This problems are there for a very long time (5+ years), it should not be that difficult to get it fixed. I am not interested in workarounds.


Are you willing to step up and help improve PgJDBC, or to fund someone else so they can take time away from paying work to do so?

--
Craig Ringer

Re: not fetching all query results

From
Radim Kolar
Date:
> Are you willing to step up and help improve PgJDBC, or to fund someone
> else so they can take time away from paying work to do so?
How much it will cost me?

Re: not fetching all query results

From
Dave Cramer
Date:
Radim,

What exactly are you looking to be done ?

Dave Cramer

dave.cramer(at)credativ(dot)ca
http://www.credativ.ca


On Tue, Jul 17, 2012 at 7:45 AM, Radim Kolar <hsn@filez.com> wrote:
>
>> Are you willing to step up and help improve PgJDBC, or to fund someone
>> else so they can take time away from paying work to do so?
>
> How much it will cost me?
>
> --
> Sent via pgsql-jdbc mailing list (pgsql-jdbc@postgresql.org)
> To make changes to your subscription:
> http://www.postgresql.org/mailpref/pgsql-jdbc

Re: not fetching all query results

From
Radim Kolar
Date:
Dne 17.7.2012 17:09, Dave Cramer napsal(a):
Radim,

What exactly are you looking to be done ?
working setFetchSize() with some sensible default

Re: not fetching all query results

From
Dave Cramer
Date:
Radim,

Reading the code it would appear that setFetchSize is implemented
other than the sensible default.

Dave Cramer

dave.cramer(at)credativ(dot)ca
http://www.credativ.ca


On Tue, Jul 17, 2012 at 11:33 AM, Radim Kolar <hsn@filez.com> wrote:
> Dne 17.7.2012 17:09, Dave Cramer napsal(a):
>
> Radim,
>
> What exactly are you looking to be done ?
>
> working setFetchSize() with some sensible default

Re: not fetching all query results

From
Radim Kolar
Date:
setFetchSize is defined there:

https://github.com/pgjdbc/pgjdbc/blob/master/org/postgresql/jdbc2/AbstractJdbc2Statement.java

but i havent checked if this value is really used for something. But
probably not because its OOM here if result set is over 30k rows.

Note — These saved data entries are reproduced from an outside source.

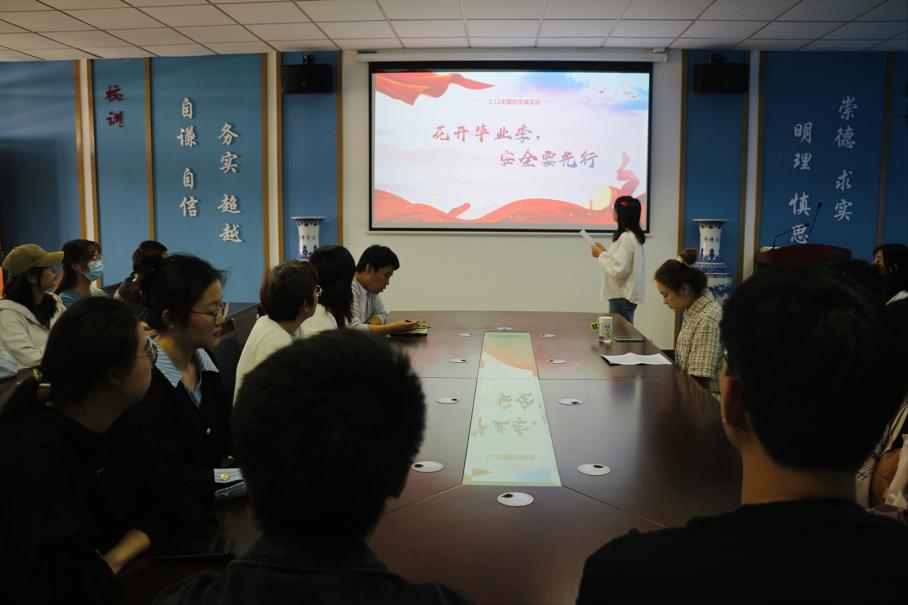在仙林校区德业楼508会议室开展 “花开毕业季,安全要先行” 安全主题教育活动。学院党委副书记孙晓飞、团委书记李攻明、辅导员卢艳梅和毕业生代表参加此次活动。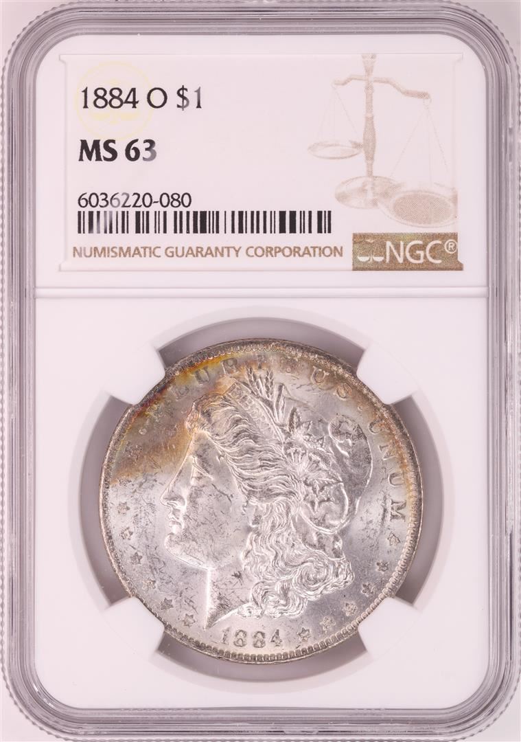 One 1884-O $1 Morgan Silver Dollar Coin NGC MS63 Great Toning. NGC Certified.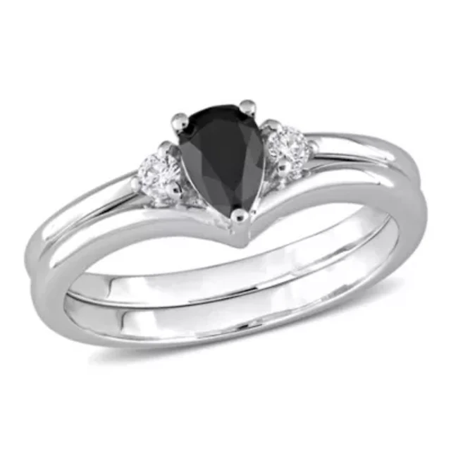 1/2 ct. t.w. Black and White Diamond Bridal Ring Set 10K Gold with Rhodium Plated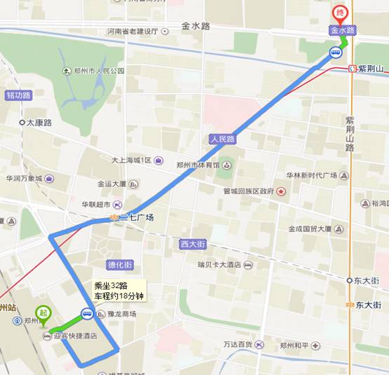 公交:乘坐32路公交车,车程约35分钟,火车站上车,紫荆山人民路站下车,步行220米到达河南饭店(花园路店)。

Re: not fetching all query results

From
Dave Cramer
Date:
Well the default is 0 which means that it is off, if you want to
activate it then set it to something.

Dave Cramer

dave.cramer(at)credativ(dot)ca
http://www.credativ.ca


On Tue, Jul 17, 2012 at 2:14 PM, Radim Kolar <hsn@filez.com> wrote:
>
> setFetchSize is defined there:
>
> https://github.com/pgjdbc/pgjdbc/blob/master/org/postgresql/jdbc2/AbstractJdbc2Statement.java
>
> but i havent checked if this value is really used for something. But
> probably not because its OOM here if result set is over 30k rows.
>
>
> --
> Sent via pgsql-jdbc mailing list (pgsql-jdbc@postgresql.org)
> To make changes to your subscription:
> http://www.postgresql.org/mailpref/pgsql-jdbc

Re: not fetching all query results

From
Dave Cramer
Date:
Further more the spec actually says the default is 0

Gives the JDBC driver a hint as to the number of rows that should be
fetched from the database when more rows are needed for ResultSet
objects genrated by this Statement. If the value specified is zero,
then the hint is ignored. The default value is zero.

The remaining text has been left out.